Given data —
════════
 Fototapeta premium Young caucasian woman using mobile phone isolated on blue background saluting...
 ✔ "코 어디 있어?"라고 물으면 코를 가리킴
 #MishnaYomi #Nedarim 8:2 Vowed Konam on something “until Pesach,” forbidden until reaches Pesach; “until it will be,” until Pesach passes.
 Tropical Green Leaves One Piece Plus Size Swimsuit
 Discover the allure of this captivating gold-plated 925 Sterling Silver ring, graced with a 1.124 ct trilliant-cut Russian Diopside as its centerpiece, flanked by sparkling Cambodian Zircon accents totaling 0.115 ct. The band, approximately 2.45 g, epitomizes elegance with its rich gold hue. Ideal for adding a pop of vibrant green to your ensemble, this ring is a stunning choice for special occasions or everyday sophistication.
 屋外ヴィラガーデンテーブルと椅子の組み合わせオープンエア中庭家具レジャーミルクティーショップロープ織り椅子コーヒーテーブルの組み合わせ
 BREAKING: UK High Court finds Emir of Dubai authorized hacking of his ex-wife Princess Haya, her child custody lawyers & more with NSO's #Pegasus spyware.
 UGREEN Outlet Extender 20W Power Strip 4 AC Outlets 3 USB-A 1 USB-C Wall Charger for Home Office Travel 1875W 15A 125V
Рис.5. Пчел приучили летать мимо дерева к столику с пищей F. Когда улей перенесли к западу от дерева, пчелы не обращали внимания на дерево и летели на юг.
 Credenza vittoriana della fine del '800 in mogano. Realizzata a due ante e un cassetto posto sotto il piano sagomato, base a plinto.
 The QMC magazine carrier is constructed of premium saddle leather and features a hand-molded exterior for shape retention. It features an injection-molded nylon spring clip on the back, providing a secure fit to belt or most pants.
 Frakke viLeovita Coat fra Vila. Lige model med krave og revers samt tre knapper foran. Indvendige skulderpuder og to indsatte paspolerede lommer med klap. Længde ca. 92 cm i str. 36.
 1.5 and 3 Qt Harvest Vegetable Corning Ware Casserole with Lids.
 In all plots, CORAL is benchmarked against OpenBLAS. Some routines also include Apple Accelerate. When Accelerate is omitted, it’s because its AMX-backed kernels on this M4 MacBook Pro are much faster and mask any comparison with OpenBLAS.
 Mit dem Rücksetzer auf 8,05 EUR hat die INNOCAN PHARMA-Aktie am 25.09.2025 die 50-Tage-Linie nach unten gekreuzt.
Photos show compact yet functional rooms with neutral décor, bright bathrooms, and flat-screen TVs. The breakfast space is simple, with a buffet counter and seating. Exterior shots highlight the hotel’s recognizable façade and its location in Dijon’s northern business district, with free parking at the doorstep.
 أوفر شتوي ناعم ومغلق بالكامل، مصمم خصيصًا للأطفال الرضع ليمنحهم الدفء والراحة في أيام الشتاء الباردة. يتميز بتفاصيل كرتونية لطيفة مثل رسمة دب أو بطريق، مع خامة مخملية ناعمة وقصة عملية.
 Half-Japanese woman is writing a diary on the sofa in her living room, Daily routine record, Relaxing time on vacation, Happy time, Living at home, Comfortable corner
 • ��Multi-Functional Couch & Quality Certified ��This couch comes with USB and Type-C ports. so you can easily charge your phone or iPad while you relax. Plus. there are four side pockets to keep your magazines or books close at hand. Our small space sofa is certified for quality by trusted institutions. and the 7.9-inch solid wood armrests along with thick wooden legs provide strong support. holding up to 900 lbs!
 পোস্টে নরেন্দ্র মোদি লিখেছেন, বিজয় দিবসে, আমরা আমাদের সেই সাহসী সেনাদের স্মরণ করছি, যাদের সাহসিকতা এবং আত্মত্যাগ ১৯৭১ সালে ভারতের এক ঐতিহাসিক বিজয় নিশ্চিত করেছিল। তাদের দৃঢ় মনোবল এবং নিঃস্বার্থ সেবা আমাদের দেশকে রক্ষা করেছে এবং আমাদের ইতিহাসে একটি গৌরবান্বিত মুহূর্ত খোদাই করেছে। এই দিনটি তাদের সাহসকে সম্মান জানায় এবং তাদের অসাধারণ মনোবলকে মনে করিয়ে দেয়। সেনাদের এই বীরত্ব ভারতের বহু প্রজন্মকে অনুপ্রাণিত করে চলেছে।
════════
The task —
Word for word, restate the lines of the listing above starting at the line with "屋外ヴィラガーデンテーブルと" and ending at the line with "BREAKING: UK High", and nothing outside them.

Your response —
 屋外ヴィラガーデンテーブルと椅子の組み合わせオープンエア中庭家具レジャーミルクティーショップロープ織り椅子コーヒーテーブルの組み合わせ
 BREAKING: UK High Court finds Emir of Dubai authorized hacking of his ex-wife Princess Haya, her child custody lawyers & more with NSO's #Pegasus spyware.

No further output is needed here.